La vida, que siempre camina en puntillas sobre una cuerda floja, acalló mi rabia dentro de un compacto círculo de niebla. Era una noche de 1993 en Bogotá y hacía unas horas el camión del batallón nos había dejado allí para cumplir con la guardia perimétrica en torno al colegio Anglo-Colombiano, donde estudiaban los hijos del presidente de esa época. Como siempre, de aquel servicio en el norte de la ciudad nos alentaba la promesa del exquisito refrigerio al día siguiente: la infaltable leche con panecillos frescos que regalaba una compañía sabanera cuyo nombre he olvidado. Sin embargo, durante las horas de aquella noche pensé menos en ese noble alimento y más en la decisión fatal que, de haberse dado, habría cambiado el curso de mi vida.
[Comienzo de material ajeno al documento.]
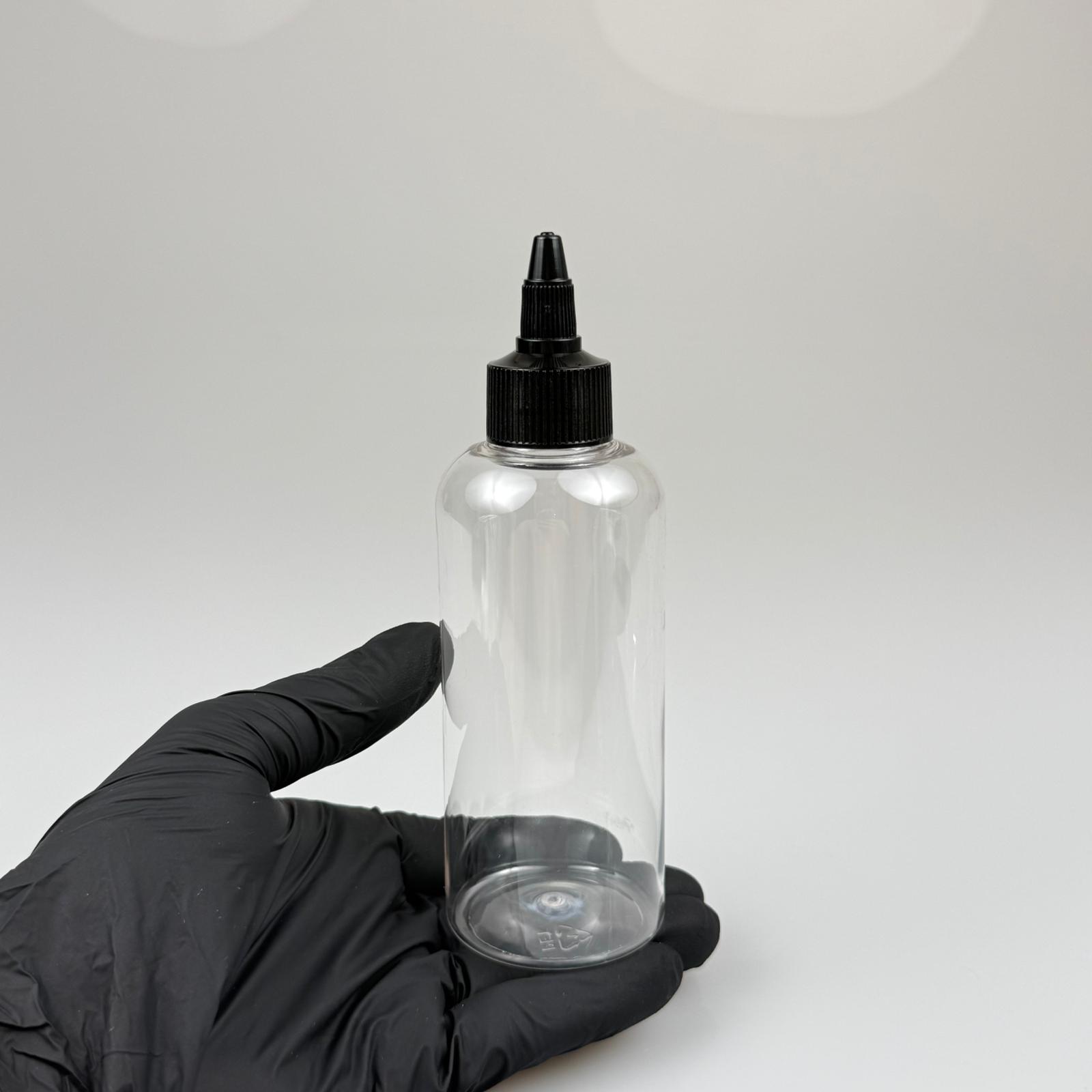 YAĞ, SOS, ACI SOS, SİRKE, SRIRACHA, MÜREKKEP, TUTKAL AKITICI VB BOŞ ŞİŞELERİ - SİYAH SİVRİ TWİST AKITICI KAPAK + 200 ML OVAL PET PLASTİK ŞİŞE TAKIM

Lejanía, soledad, angustia y resignación suelen ser los emblemas del soldado, aparte de su uniforme, de sus botas incólumes y de su eterno lastre, el fusil. Llegado a otra ciudad, desgarrado de su entorno y su familia, el soldado en su servicio libra una guerra --la mayoría de las veces, silenciosa-- contra la ausencia de la madre, de la novia y de los amigos; sus batallas íntimas quedan anotadas en cartas y en calendarios donde el tiempo destila lentamente los días, de tal modo que, como en la canción, "las horas parecen años". No obstante, pasados los meses el soldado se topa en su ser con el oficio de la resignación, quizá porque, para bien o para mal, sus compañeros de contingente e incluso los mandos militares que lo subordinan se convierten en una familia transitoria en cuyo círculo ocurren la filiación, la risa, el llanto y también la tragedia.
Tragedia que rondó mi vida ese miércoles de 1993 terminando los días infinitos de mi servicio militar en el Batallón Guardia Presidencial. Nuevamente, creo, mi 'lanza' de guardia era el soldado Alejandro Ruiz, quien meses atrás había acuñado el mote que me acompañaría hasta el final del servicio: "Buen soldado". De Ruiz me gustaba esa ocurrencia, que luego otros compañeros utilizaron, contrayendo la frese como "Buensol", que se hacía referencia a mi comportamiento y a mi impecable presentación. Pero de Ruiz detestaba sus bromas pesadas, maceradas en un mal condimentado humor negro dotado de ofensas antes que de inteligencia.
La verdad, de esa noche de guardia no recuerdo ni una de sus chanzas, pero sí el dolor que causaron en mí; eran tan lacerantes que a medida que las escuchaba, una fiebre sorda iba invadiéndome, y no había termómetro distinto al del fusil para medirla. En la oscuridad llegaban algunas luces lejanas que parecían destellar en los dientes perfectos de Ruiz, mientras que ese mi fusil deseaba erguirse sobre el pecho, cargarse de plomo y pólvora y volarle los sesos de una maldita buena vez a ese Ruiz que reía y reía sin conmiseración. En algún momento lo enfrenté y nuestros fusiles chocaron como si fueran dos protuberancia negras de alces a punto de disputarse el territorio.
Y como alce derrotado, preferí retirarme a un recodo de niebla para escanciar mi rabia y mi llanto. Ruiz siguió allí, riendo. Y donde esté sigue bromeando, por fortuna, tras la fatal decisión que nunca tomé. De lo contrario hubiera terminado siendo un titular de prensa, y yo simplemente un pedazo de miseria en una celda más fría que esa noche de miércoles de 1993.